## ASSIGNED TASK
Find "Very comfortable and" below and begin at its line; stop after the line with "Vybuchlá cisterna u liberecké radnice". Output those lines exactly, without pictures.

===== MATERIALS PROVIDED

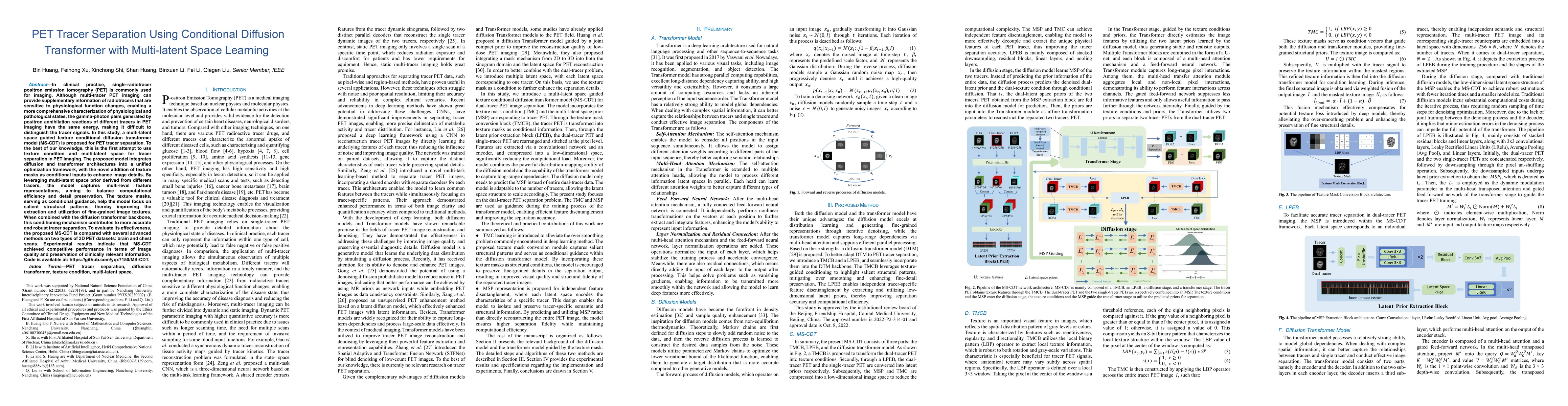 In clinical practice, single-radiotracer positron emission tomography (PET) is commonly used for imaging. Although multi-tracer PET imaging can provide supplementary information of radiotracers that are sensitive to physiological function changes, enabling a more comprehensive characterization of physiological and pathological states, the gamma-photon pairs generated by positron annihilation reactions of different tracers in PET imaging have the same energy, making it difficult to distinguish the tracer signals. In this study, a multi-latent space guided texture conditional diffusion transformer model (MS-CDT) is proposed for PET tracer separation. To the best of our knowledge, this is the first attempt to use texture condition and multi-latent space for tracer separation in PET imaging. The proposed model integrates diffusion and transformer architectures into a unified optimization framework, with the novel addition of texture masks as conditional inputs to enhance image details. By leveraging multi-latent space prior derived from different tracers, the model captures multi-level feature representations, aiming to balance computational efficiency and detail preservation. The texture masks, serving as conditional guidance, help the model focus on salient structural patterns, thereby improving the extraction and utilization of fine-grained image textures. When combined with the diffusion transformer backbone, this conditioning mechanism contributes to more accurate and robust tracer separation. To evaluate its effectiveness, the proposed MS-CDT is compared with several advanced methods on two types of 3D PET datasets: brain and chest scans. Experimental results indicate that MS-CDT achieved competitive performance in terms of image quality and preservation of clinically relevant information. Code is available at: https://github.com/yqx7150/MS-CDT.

==========
===== MATERIALS PROVIDED

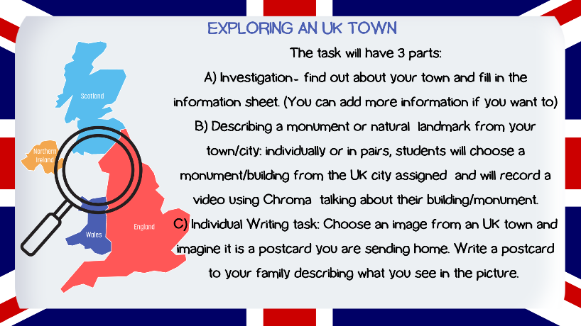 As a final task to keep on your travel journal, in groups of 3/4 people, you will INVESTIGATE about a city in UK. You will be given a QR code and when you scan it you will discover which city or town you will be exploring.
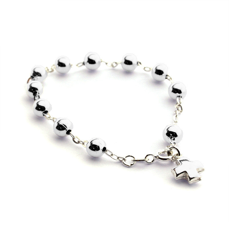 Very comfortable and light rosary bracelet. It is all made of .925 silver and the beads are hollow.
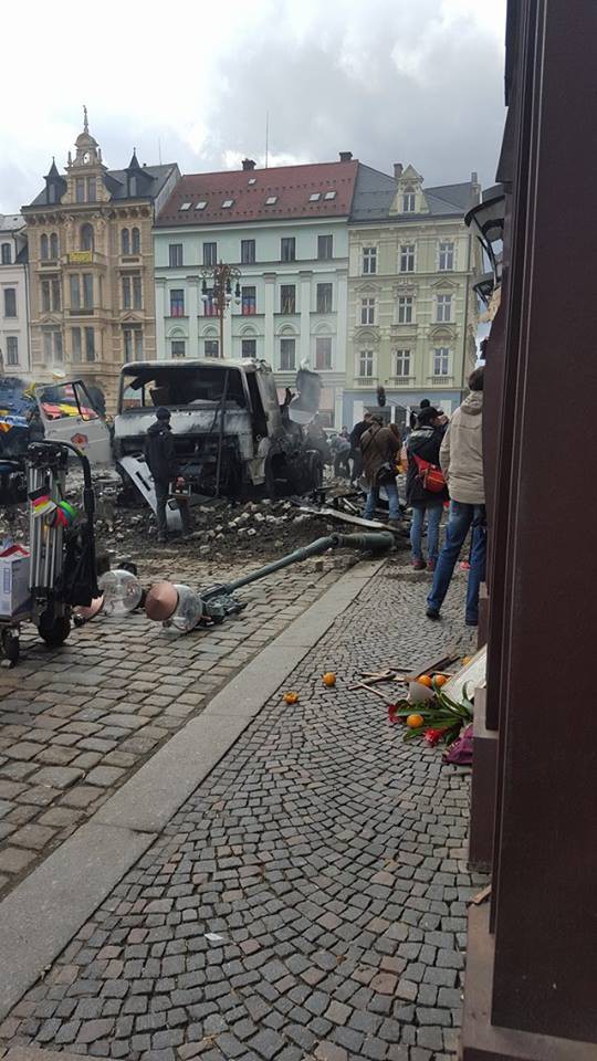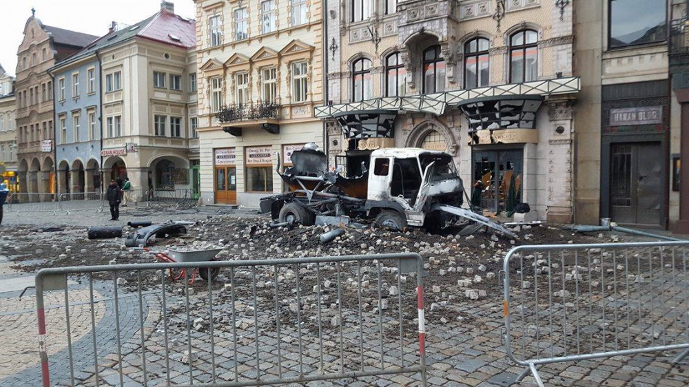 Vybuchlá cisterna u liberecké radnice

==========
===== MATERIALS PROVIDED

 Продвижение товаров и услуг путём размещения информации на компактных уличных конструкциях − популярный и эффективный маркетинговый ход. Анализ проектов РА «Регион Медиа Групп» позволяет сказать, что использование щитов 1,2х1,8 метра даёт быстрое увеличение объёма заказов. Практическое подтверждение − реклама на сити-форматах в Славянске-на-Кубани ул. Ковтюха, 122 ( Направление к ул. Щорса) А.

==========

## SOLUTION TO THIS TASK
 Very comfortable and light rosary bracelet. It is all made of .925 silver and the beads are hollow.
 Vybuchlá cisterna u liberecké radnice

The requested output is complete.